Quantitative analysis and 3D modeling of collective nest construction in ants
Centre de Recherches sur la Cognition Animale, CNRS, France
The amazing ability of social insects to solve everyday-life problems, also known as ‘swarm intelligence’, has received considerable attention in the past 20 years. One of the most famous feats of insect societies is their ability to build impressive nest architectures. Not only is their characteristic scale typically much larger than the size of individual insects but some of these nests can also be highly complex.
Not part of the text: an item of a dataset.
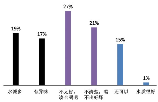 - 飲水安全,與每一個人的健康息息相關環(huán)保部不久前發(fā)布的《2013中國環(huán)境狀況公報》顯示,我國水污染狀況令人憂慮:對長江、黃河、珠江等十大水系的斷面監(jiān)測顯示,黃河、松花江、淮河和遼河水質輕度污染,海河為中度污染,而27.8%的湖泊(水庫)呈富營養(yǎng)狀態(tài)。生活中,百姓切身感受到的飲水安全問題如何?2014年6月至8月,半月談社情民意調查中心開展了“水杯里的民生:講講您身邊的生活用水”網(wǎng)絡調查,圍繞水污染程度、污染源、百姓環(huán)境權與認知,對政府的期盼等問題,與網(wǎng)友進行交流,收集有效樣本1315個。被訪者中,36%居住在城市,32%在縣城,21%來自鄉(xiāng)鎮(zhèn),11%在農(nóng)村。六成被訪者憂飲水不安全,飲水消費正成為居家“開門第八件事”——污染程度:六成被訪者對所住地區(qū)自來水的水質表示不滿,其中多數(shù)人的感受是“不太好,湊合喝吧”(27%),明顯感覺到“有異味”的有17%,感覺“水堿多”的為19%。對水質表示滿意的人很少,占全體被訪者的16%,其中15%覺得“水質還可以”,只有1%覺得“水質很好”。

The evolution of construction techniques used by ants, wasps, bees and termites has provided a whole set of innovations in terms of architectural designs that proved to be efficient to solve problems as various as controlling nest temperature, ensuring gas exchanges with the outside environment or adapting nest architecture to growing colony size. The big question is: how do these efficient designs emerge from the combination of millions of local building actions performed by individual workers? And how do insects interact with each other to coordinate their building actions? To investigate these issues, we use a combination of experimental and modeling approaches to decipher the mechanisms involved in the coordination of nest building in the ant Lasius niger. We first characterize nest architecture and its growth with 3D imaging techniques; then we test the building responses of individual ants to artificial stimuli. In a second step, we develop a 3D model implementing the mechanisms detected on the individual level and show that it can quantitatively reproduce the construction dynamics and the spatial patterns observed at the collective level in various conditions. Our results show that a pheromone added by ants to the building material is a key factor that controls the growth and form of nest architecture. The model also reveals that complex helicoidal structures connecting nearby chambers emerge from a constant remodeling process of nest architecture. This modeling approach in which all of the model’s ingredients are validated by dedicated experiments provides a way to assess the contribution of each behavioral component at the individual level to the emergent collective properties.